Noel Letter to Molly, Nov 1916

This letter was written on 11 November 1916 – shortly after Noel Downing had returned to the trenches after taking up his commission in the Welsh Guards. Molly Evans  was about to formally resign her nursing post in France to return home to look after her mother, whose health had deteriorated after the death of her brother Wilmot on the first day of the battle of the Somme, 1 July 1916.

 

11/11/16

 

My Own Darling Molly

I’m staying in camp today so have plenty of time to write to you dear, what I didn’t have time to say to you last night. I am so troubled about you having all this extra worry, a row about your resignation, but I think it simply grand the way that you have stood up against the matron & all in authority and have refused to have been bullied by them, but Molly darling I understand what it means to have to do it & what a truly wretched time you must be having & all your other worries. Oh Molly, I do feel for you so. You are in the right, they can’t refuse to accept your resignation & make you stay on any longer than you have signed on for. They are only trying to bully you into it as of course you know, they are bound to let you go if you stick to your point, but I know how horrid that is for you, & you have three weeks more of it which makes me feel so angry, it’s not often that I get angry Molly, but I am now, angry because I am so helpless to do anything for you or be with you and tell people what I think of them. Molly darling, I take no notice of what you said in your letter about it being just as well that I should not be at home when you went back because you might be horrid and hard to me, you may be feeling so bad about things that perhaps you really thought it possible, but I have no fear about it, because I understand you better than you even think I do & am absolutely confident that however hard you were feeling about things if we were together our love for each other would overcome it all just between our two selves.  I am feeling very bad about things in general myself, I hate the war and I hate the army because they have caused you so much suffering. I just long with all my heart & soul for the time when I can be with you always & try to blot out  some of the past, but it all seems so far away & the war so hopeless – you will wonder what has come over me dear I expect, that I should be writing like this as I’ve always been so hopeful but as I’ve said before I’m angry and all the surroundings here cannot fail to make one depressed, the filth and misery of it all makes me wild with people in authority who sit comfortably at home & allow it all to go on. I shall get over it in time I daresay, & it would not seem half so bad if you Molly were not suffering by it all.

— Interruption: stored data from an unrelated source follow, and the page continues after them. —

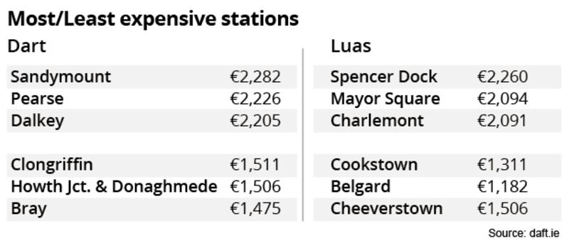 Elsewhere on the Dart, Pearse (€2,226); Lansdowne Road (€2,175); Dalkey (€2,205) and Grand Canal Dock (€2,145) make up the top five most expensive stops to live close to. The cheapest location are Bray (€1,475); Howth Junction and Donaghmede (€1,506); and Clongriffin (€1,511).
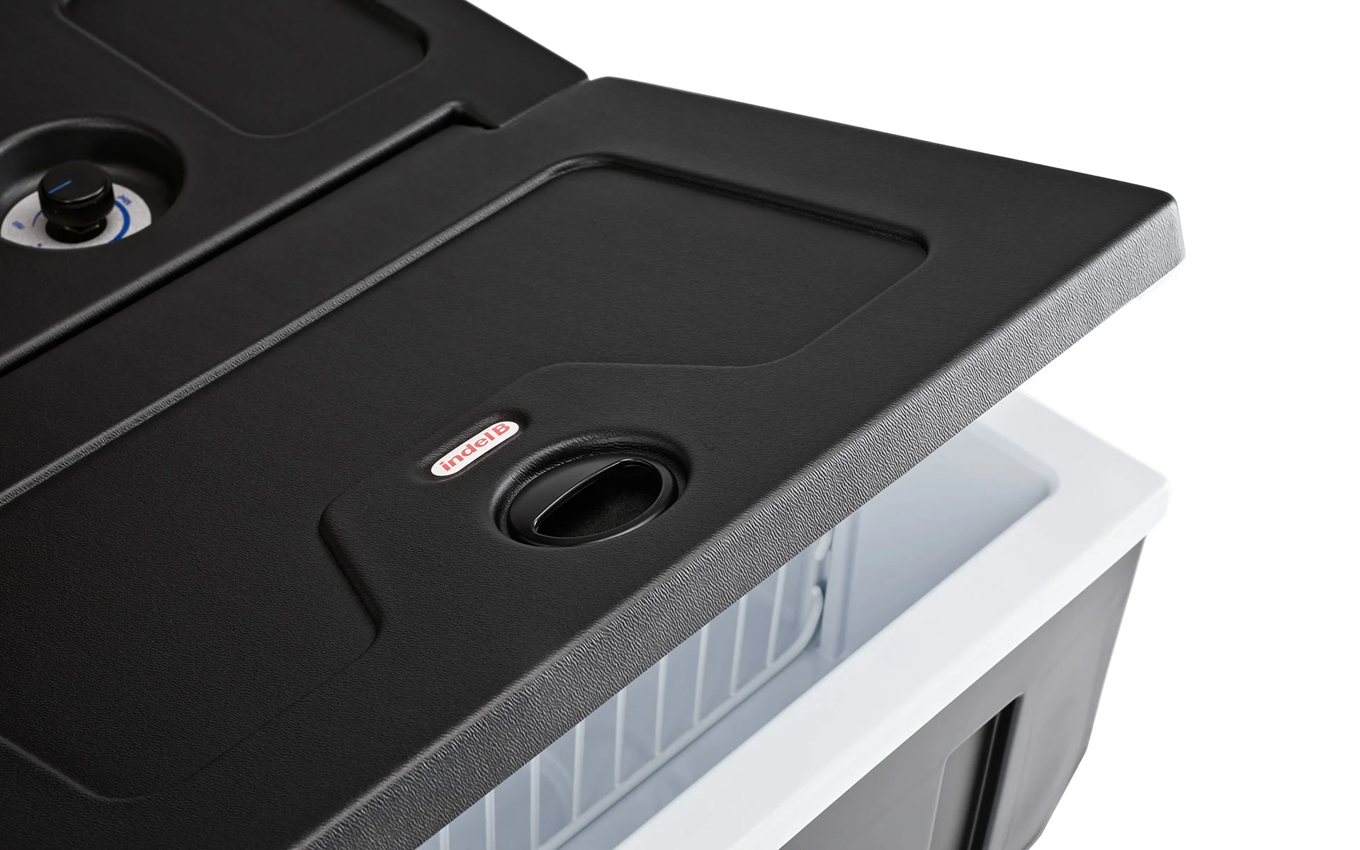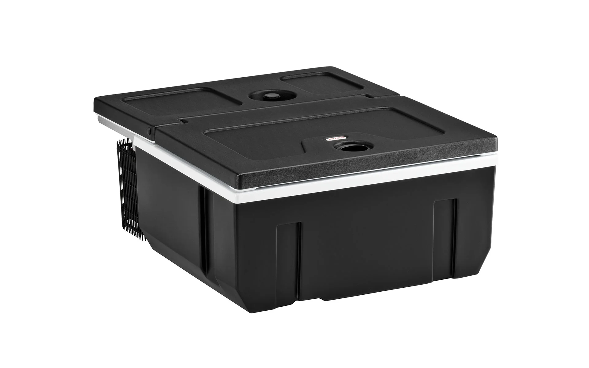 Lodówka sprężarkowa pod zabudowę włoskiej firmy INDEL B TB22AM. Przeznaczona do MB Actros MP4/MP5 w wersjach z podłogami z tunelem. Wysoka wydajność chłodzenia zapewnia dłuższe utrzymanie świeżości żywności i napojów, niezależnie od warunków atmosferycznych na zewnątrz.
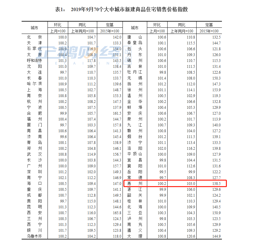 另外我们看看惠州,惠州9月新建商品房住宅销量价格环比上涨了0.2%,同比上涨3%。与8月的增长幅度相比较下看,9月的增长幅度不大,总体稳定。
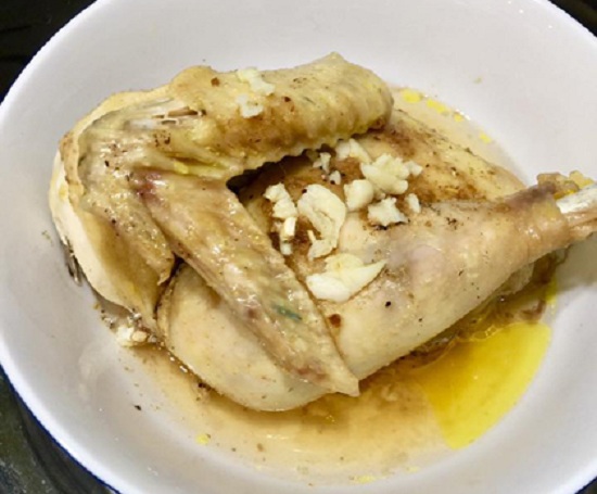 + Lá chanh rửa sạch, thái nhỏ nhồi vào bụng gà.
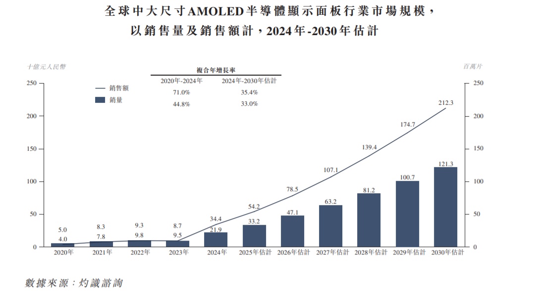 当然,和辉光电所面临的机遇也较为明显,即全球中大尺寸AMOLED半导体显示面板行业市场未来仍将高速成长。据灼识咨询数据显示,从2020至2024年中,得益于AMOLED技术从智能手机向平板电脑、笔记本电脑等中大尺寸领域的加速渗透,全球中大尺寸AMOLED半导体显示面板的市场规模从50亿人民币增至344亿元,年复合增速高达71%。
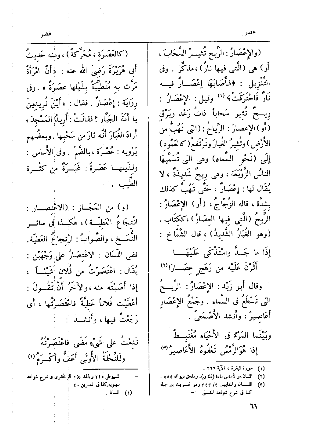كالعَصَرَةِ، مُحَرَّكةً، وَمِنْه حَدِيثُ أَبي هُرَيْرَةَ رَضِيَ الله عَنهُ: أَنّ امْرَأَةً مَرَّت بهِ مُتَطِّيَبةً بِذَيْلها عَصَرَةٌ. وَفِي رِوَايَة: إِعْصَارٌ. فَقَالَ: أَيْنَ تُرِيدينَ يَا أَمَةَ الجَبَّار فقالَتْ: أُرِيدُ المَسْجِدَ أَرادَ الغُبَارَ أَنّه ثارَ من سَحْبِها. وبعضُهم يَرْويه: عُصْرَة، بالضَّمّ. وَفِي الأَساس: ولِذَيلها عَصَرةٌ: غَبَرَةٌ من كثْرة الطِّيب. وَمن المَجَاز: الاعْتِصار: انْتِجَاعُ العَطِيّة، هَكَذَا فِي سَائِر النُّسَخ، والصَّوابُ: ارْتِجاعُ العَطيّة. فَفِي اللّسَان: الاعْتِصَارُ على وَجْهَيْن: يُقَال: اعْتَصَرْتُ من فُلانٍ شَيْئاً، إِذا أَصَبْتَه مِنْهُ، والآخَرُ أَنْ تَقُولَ: أَعْطَيْت فُلاناً عَطِيَّةً فاعْتَصَرْتُها، أَي رَجَعْتُ فِيهَا،)
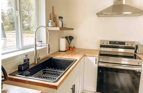 When you enter Si View Abode you will see the kitchen and main living area equipped with TV for streaming, all the amenities needed to cook your favorite meals, and a comfy couch. And, of course, high speed internet.

I quite understand what you say about not telling Mary, but I want to ask you to do one thing – I’ve never mentioned this subject to you before, tho’ I’ve thought of it a good deal, since receiving your letter saying that you would rather nothing was said – it is that if anything should happen to me that you will tell her yourself some time. Am I asking you too much? Molly darling it has been an awful effort to write that, because I’ve always dreaded mentioning anything like that to you. I could never have said it to you in words but knowing me so well you will understand. I’ll never mention it again but I simply just had to tell you once. I wont say any more as I know you will understand why I ask this of you.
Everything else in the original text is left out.